In addition, we applied a relativistic accretion disk model with realistic X-ray reflection, implemented in the code KYNXiltr (Kammoun et al. 2021b, 2023), to the lag-spectrum data of Fairall 9. In this framework, an X-ray point-like source illuminates a standard Novikov-Thorne accretion disk (Novikov & Thorne 1973), as described in the lamp-post geometry. A fraction of the incident X-ray radiation is subsequently reprocessed and emitted as UV-optical continua, producing the observed inter-band time delays. We fit the lag-spectrum of Fairall 9 using KYNXiltr.

During the fitting procedure, we fixed MBH to 2.18 × 108M and explored three values of the parameter, Lext = 0.1, 0.5, and 0.9. The parameter, Lext, parametrizes the X-ray luminosity as the ratio of the accretion power released within a given radius to the total accretion power. In addition, we considered three values of the color correction factor, fcolor = 1.0, 1.7, and 2.4. The accretion rate and corona height were left as free parameters. The median best-fit results for two spin configurations, a *  = 0 and a *  = 0.998, are summarized in Table 5, while the corresponding model-predicted time-delay dependencies on wavelength are shown in Figure 7 by solid black and dashed blue lines, respectively. We find the median value of the corona height to be 20 rg, with a range spanning from 11.5 to 35.3 rg (8.5 to 54.1 for a *  = 0.998). The Eddington ratio varies between 0.019 and 0.647 (0.034 and 1.025) with a median of 0.080 (0.238) for a *  = 0 (a *  = 0.998). For comparison, the observed Eddington ratio of Fairall 9, inferred from MBH and L5100, is 0.028.

Table 5.

Relativistic accretion disk model fitting results.

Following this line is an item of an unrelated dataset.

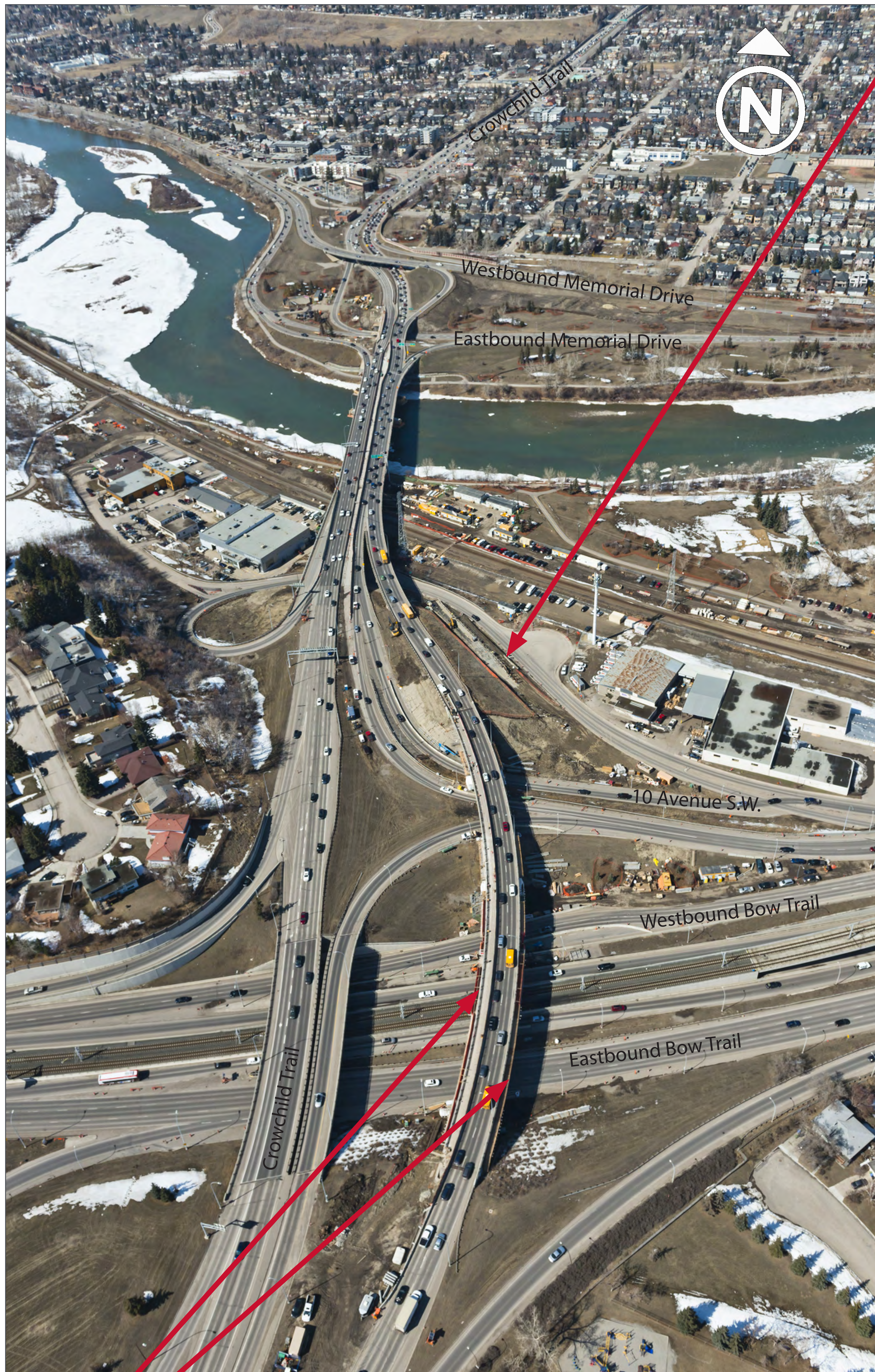
Retaining wall being built for new Bow Trail and 10 Avenue S.W. on-ramps

The results for the two spin configurations are broadly consistent with a reduced χ2/d.o.f. value of 1.25 when no free parameters are assumed, and 1.53 when two free parameters (i.e., the accretion rate and corona height) are included. In both cases, the recovered lags follow a power-law dependence on wavelength, consistent with expectations from the Novikov–Thorne accretion disk model, which retains the same asymptotic temperature–radius scaling as the standard thin disk but incorporates general relativistic corrections. However, the model fails to reproduce the observed lags near the Balmer jump and significantly underestimates the lag τbI around the Paschen jump.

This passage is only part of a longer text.